Task prompt. The copy should hold exactly the lines below from the one that contains "Отзывов о Bankoro" through the one that contains "HAAB Chairperson Jose" and nothing else, so no pictures.

Stored entries

= = =

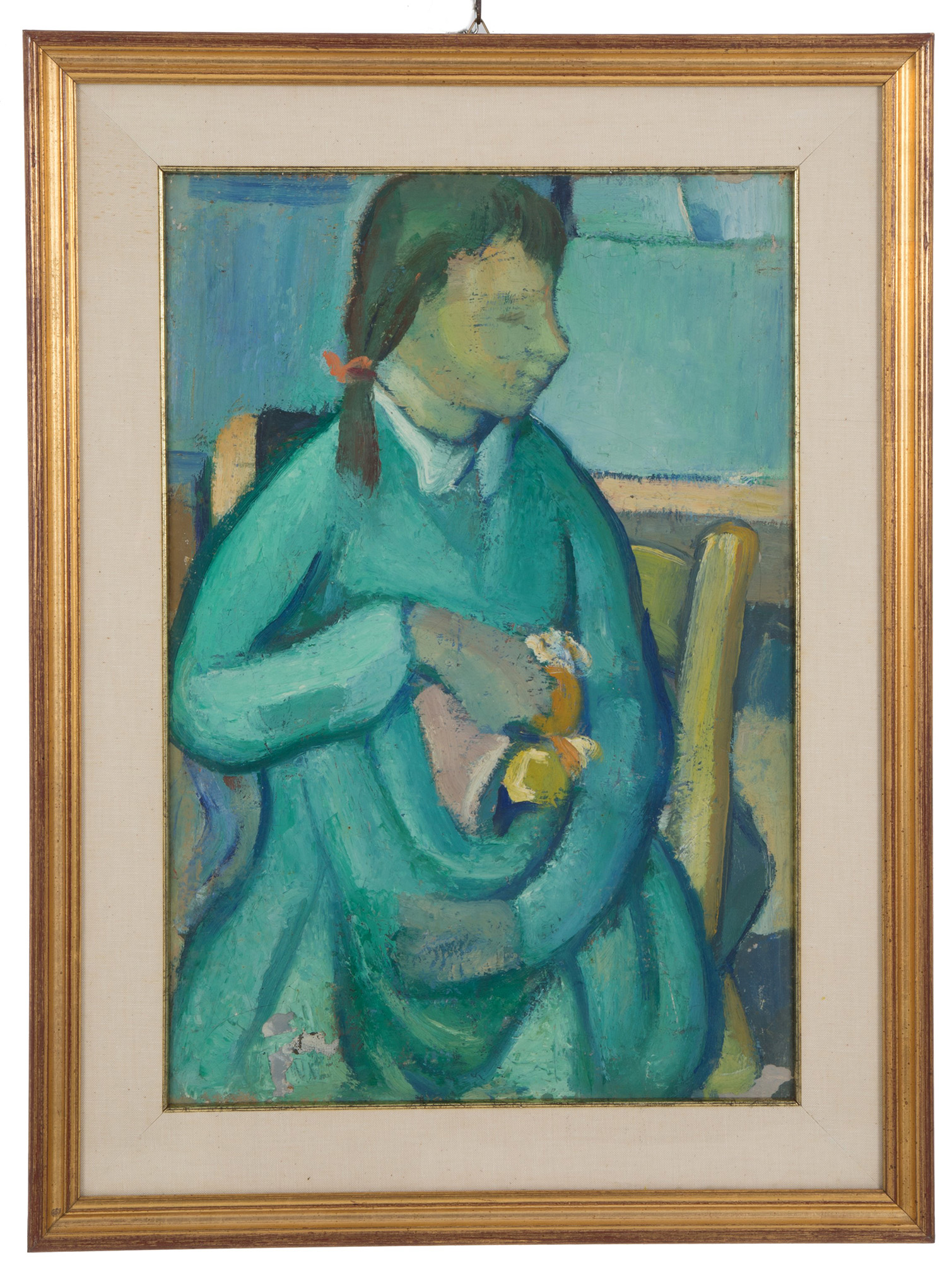 ALESSANDRO VOLPI (Pisa 1909-2009). Oil painting on canvas depicting "CHILDREN". Authenticated by the artist's wife on the back. In frame. 59x40cm approx. ALESSANDRO VOLPI (Pisa 1909-2009). Dipinto olio su tela raffigurante "BAMBINA". Con autentica della moglie dell'artista sul retro. In cornice. 59x40 cm ca.
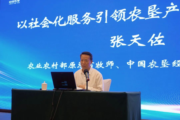 張?zhí)熳糇黝}為《以社會化服務引領農(nóng)墾產(chǎn)業(yè)高質(zhì)量發(fā)展》的主旨報告。報告從農(nóng)業(yè)生產(chǎn)的基本經(jīng)營形式、農(nóng)業(yè)現(xiàn)代化的本質(zhì)、中國式農(nóng)業(yè)現(xiàn)代化路子怎么走、如何加速我國農(nóng)業(yè)現(xiàn)代化進程、社會化服務發(fā)展具備的機遇等六個方面進行了系統(tǒng)闡述,強調(diào)“要大力發(fā)展專業(yè)化社會化服務,使之成為引領農(nóng)墾產(chǎn)業(yè)高質(zhì)量發(fā)展的牛鼻子”,所提出的推進社會化服務發(fā)展的8個策略和方法為深化農(nóng)墾社會化服務、推動產(chǎn)業(yè)升級提供了重要的指導和參考。
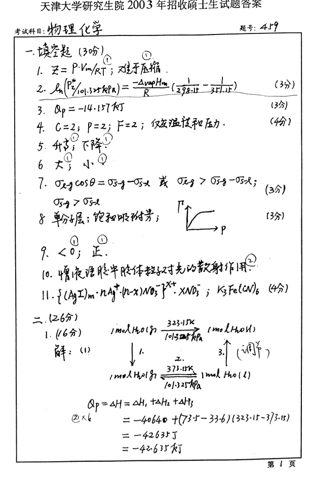 天津大学2003年《物理化学》考研真题答案(版本1)
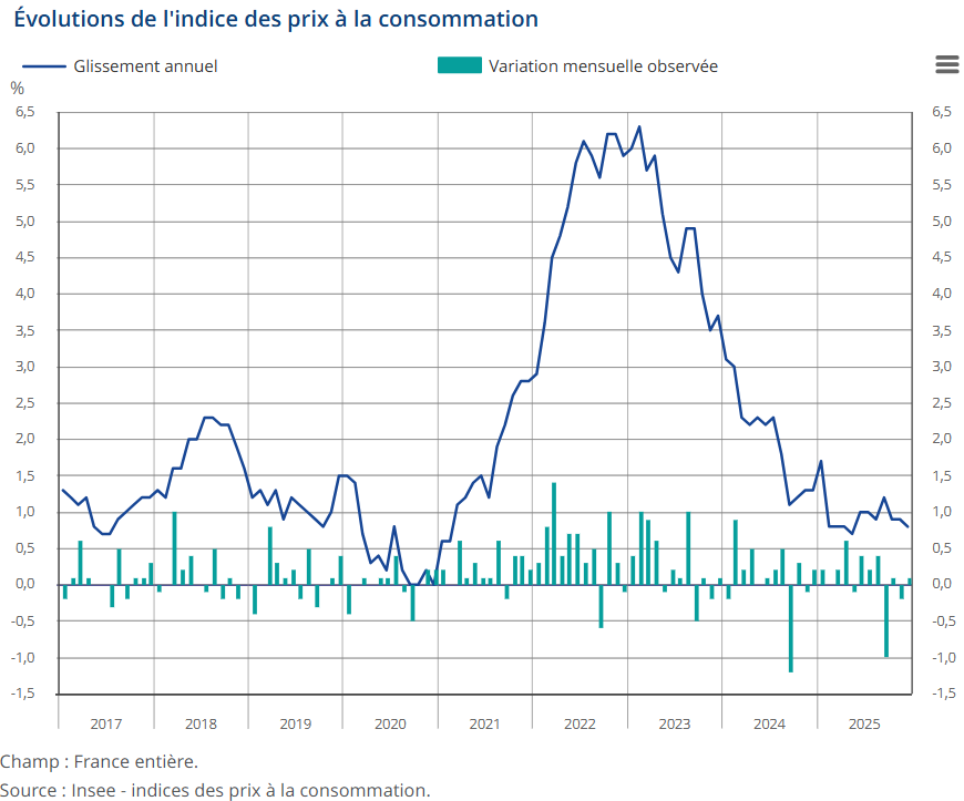 El IPC de Francia baja al 0,8% en diciembre desde el 0,9% anterior
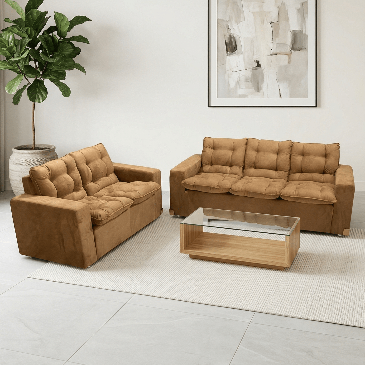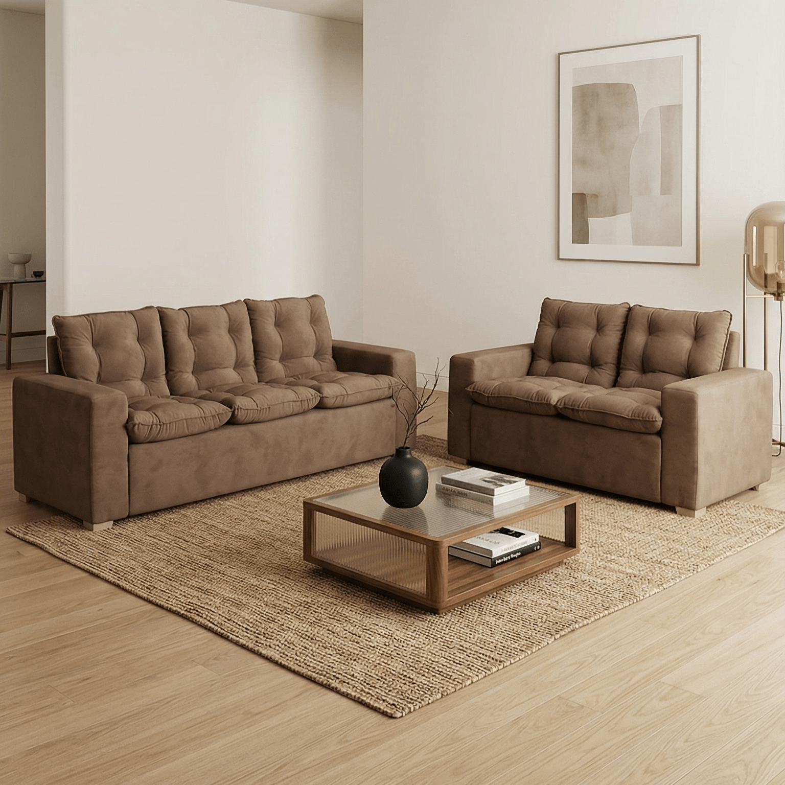 ¡Dale a tu hogar el confort que merece con el Juego de Sofás Arizona! Este conjunto es la solución perfecta para tu sala, incluyendo un amplio sofá de 3 cuerpos (210 cm) y uno de 2 cuerpos (150 cm). Elegí el tono que mejor vaya con tu decoración: disponible en los elegantes colores Chocolate y Nutria. Su diseño con detalles capitoné asegura durabilidad y una estética impecable de catálogo. Aprovechá nuestro precio especial al contado o llevalo en cómodas cuotas. ¡Agregalo al carrito y transformá tu espacio de descanso!
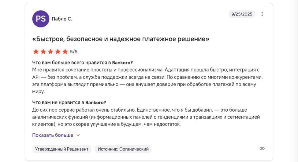 Отзывов о Bankoro очень мало. Русское комьюнити не комментирует деятельность платежной системы. Но и иностранцы не пользуются ею. Лишь один пользователь написал достаточно положительный отзыв. Он хвалит создателей за простоту и профессионализм. Платформа якобы внушает доверие при обработке платежей. Клиент советует добавить больше аналитических функций. В телеграм-канале запрещены комментарии. Хотя там клиенты могли бы оставлять свое мнение о платформе. Значит, создатели намеренно пытаются скрыть отзывы пользователей. Возможно, они чаще всего отрицательные. Поэтому, разработчики не стали портить себе репутацию.
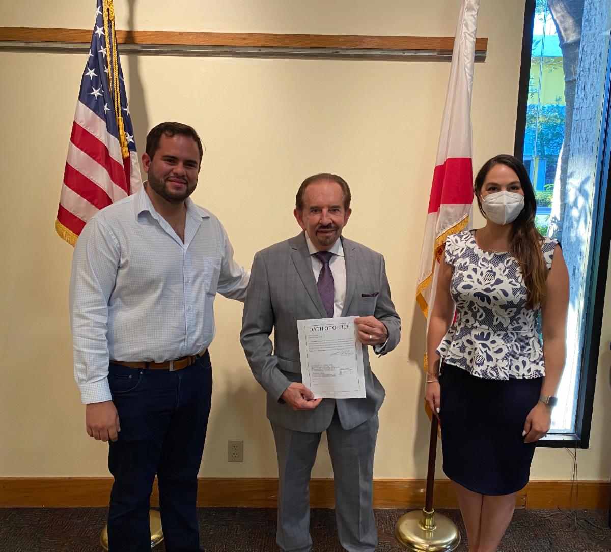 HAAB Chairperson Jose Diaz and Program Director Natalie Milian swear in board member Armando Rodriguez, appointed by Commissioner Raquel Regalado, District 7.
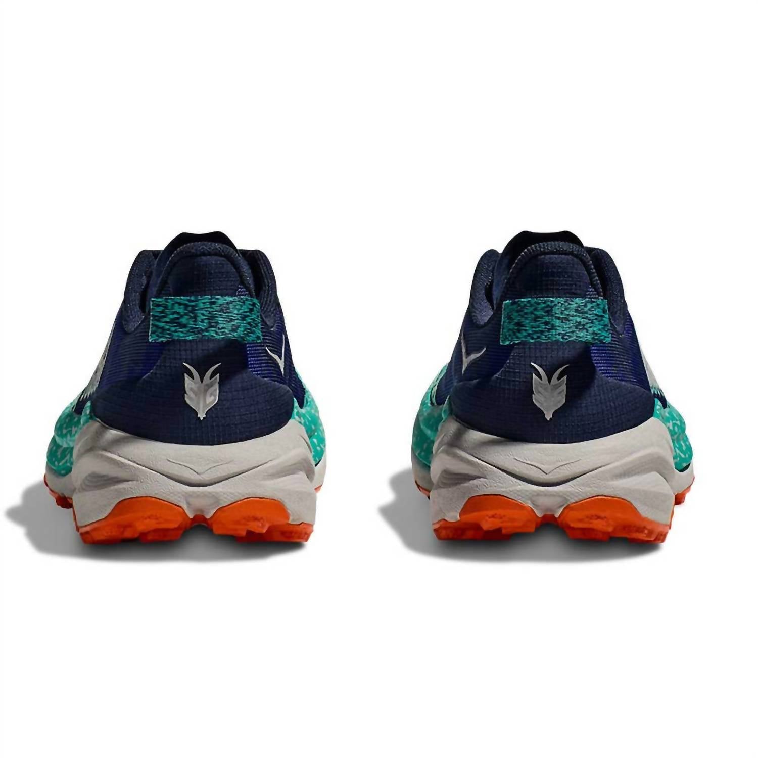 Workout in style with these adorable athletic sneakers. Introducing the Women's Speedgoat 6 Trainer Shoes by Hoka, engineered for the dedicated trail runner and hiker. With a lightweight woven upper paired with an internal support chassis and a dual-sided gusseted tongue, these trainers ensure maximum comfort and foot security. They feature a Vibram® Megagrip outsole with 5mm lugs for superior traction, complemented by a light, responsive midsole and protective toe bumper. The Varsity Navy/Meteor women's trainers are the perfect blend of style and performance, ideal for fitness, workouts, and embracing the athleisure trend during summer.
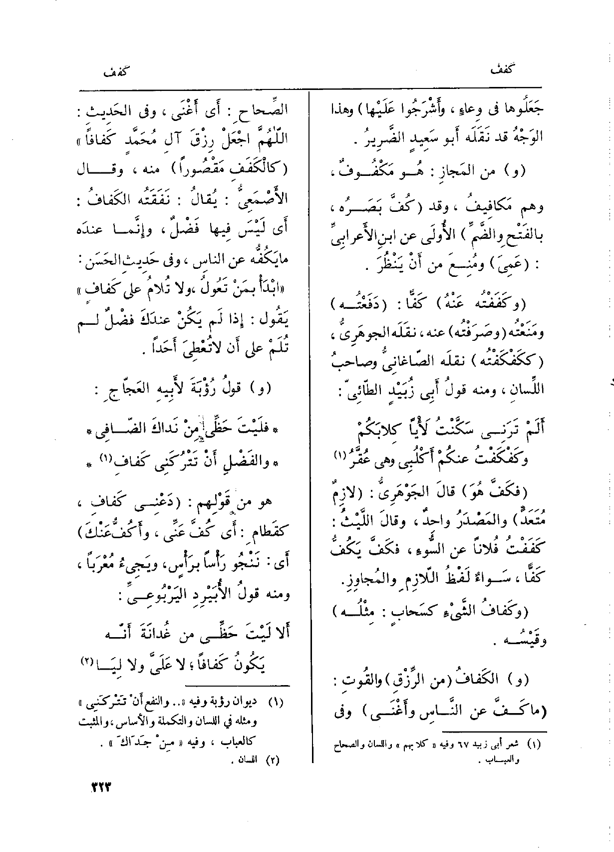 الرِّزْقِ والقُوتِ: مَا كَفَّ عَن النَّاسِ وأَغْنَى وَفِي الصِّحاحِ: أَي أَغْنى، وَفِي الحديثِ: اللهُمَّ اجْعَلْ رِزْقَ آلِ مُحَمَّدٍ كَفافاً {كالْكَفَفِ مَقْصُوراً، مِنْهُ، وَقَالَ الأَصْمَعِيُّ: يُقالُ: نَفَقَتُه الكَفافُ: أَي لَيْسَ فِيها فَضْلٌ، وإِنَّما عندَه مَا} يَكُفُّه عَن الناسِ، وَفِي حدِيُثِ الحَسَن: ابْدَأْ بمَنْ تَعُولُ، وَلَا تُلامُ على {كَفافٍ يَقول: إِذا لم يكُنْ عندَك فضْلٌ لم تُلَمْ على أَن لَا تُعْطِيَ أَحَداً. وقولُ رُؤْبَةَ لأَبيهِ العَجّاجِ: فلَيْتَ حَظِّي مِنْ نَداكَ الضّافِي والفَضْلِ أَنْ تَتْرُكَنِي كَفافِ هُوَ من قَوْلِهم: دَعْنِي كَفافِ، كقَطامِ: أَي كُفَّ عَنِّي،} وأَكُفُّ عَنْكَ أَي: نَنْجُو رَأْساً برَأْسٍ، يَجِيءُ مُعْرَباً، وَمِنْه قولُ الأُبَيْرِدِ اليَرْبُوعِيِّ:
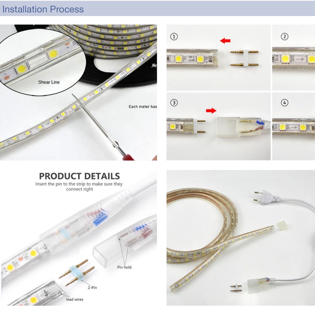 Lampu LED Strip SMD 2835 120LED 180LED AC 220V PER METER Super Terang
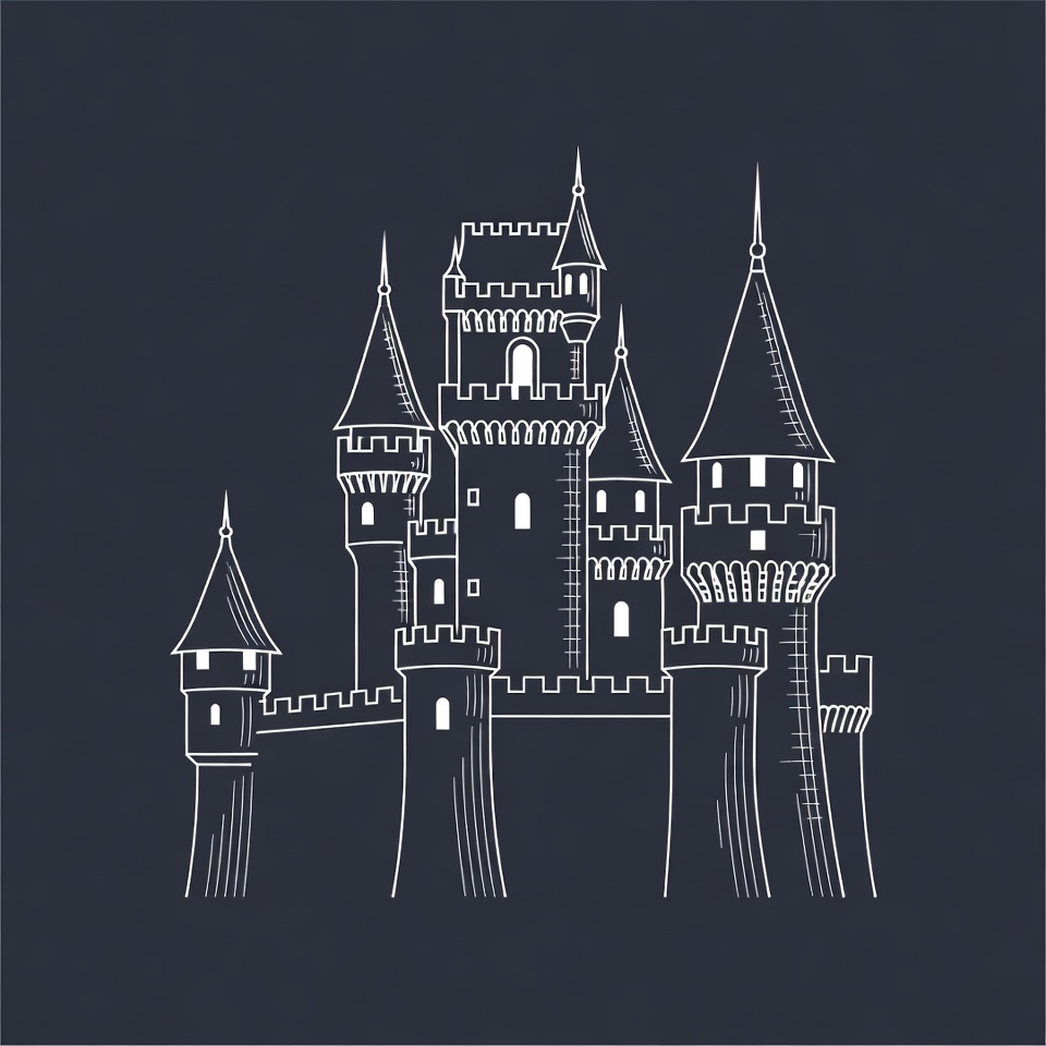 A detailed line drawing of a medieval castle with multiple tall towers and spires. The castle features arched windows, battlements, and a connecting walkway. It is rendered in white outlines on a dark navy background.
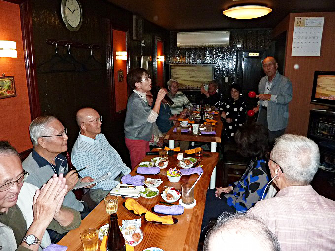 今月の特筆事項としては、我々のような歌好きの人たちにかなり影響を与えてくれたアリスの谷村新司さんが10月8日にお亡くなりになった関係で、同氏の作られた曲目を歌われる方が多く見受けられたことがあります。最後には、谷村新司さん作詩、加山雄三さん作曲の「サライ」を、皆で大きな声で合唱してお開きとしました。

= = =

Response to this task.
 Отзывов о Bankoro очень мало. Русское комьюнити не комментирует деятельность платежной системы. Но и иностранцы не пользуются ею. Лишь один пользователь написал достаточно положительный отзыв. Он хвалит создателей за простоту и профессионализм. Платформа якобы внушает доверие при обработке платежей. Клиент советует добавить больше аналитических функций. В телеграм-канале запрещены комментарии. Хотя там клиенты могли бы оставлять свое мнение о платформе. Значит, создатели намеренно пытаются скрыть отзывы пользователей. Возможно, они чаще всего отрицательные. Поэтому, разработчики не стали портить себе репутацию.
 HAAB Chairperson Jose Diaz and Program Director Natalie Milian swear in board member Armando Rodriguez, appointed by Commissioner Raquel Regalado, District 7.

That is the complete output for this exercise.